John Gilligan

Personal information
- Full name: John Ross Gilligan
- Date of birth: 1884
- Place of birth: Dundee, Scotland
- Date of death: 1946 (aged 61–62)
- Place of death: Dundee, Scotland
- Position: Defender

Senior career*
- Years: Team / Apps / (Gls)
- East Craigie
- Dundee Wanderers
- 1904: Partick Thistle / 1 / (0)
- 1904–1918: Clyde / 269 / (0)

= John Gilligan (footballer, born 1884) =

Scottish footballer

John Ross Gilligan (1884–1946) was a Scottish footballer who played as a defender, almost solely for Clyde.

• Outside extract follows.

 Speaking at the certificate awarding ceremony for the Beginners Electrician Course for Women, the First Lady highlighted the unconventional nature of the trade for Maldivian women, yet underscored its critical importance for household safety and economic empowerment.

In his first season with the club (having quickly moved on from his first professional appointment on the other side of Glasgow at Partick Thistle), he won the 1904–05 Scottish Division Two title. The team was relegated, but gained promotion again in 1906 and retained their place in the top tier for the rest of his time there, including two third-place finishes which equal their all-time highest placings. He also played in the 1912 Scottish Cup Final which Clyde lost to Celtic.

The sole representative honour Gilligan received was a selection for the Glasgow Football Association's annual challenge match against Sheffield in 1909. In 1911 he was granted a benefit match against his hometown club Dundee.

He was the youngest of four brothers who were professional footballers, the others being Sandy, Billy and Sam.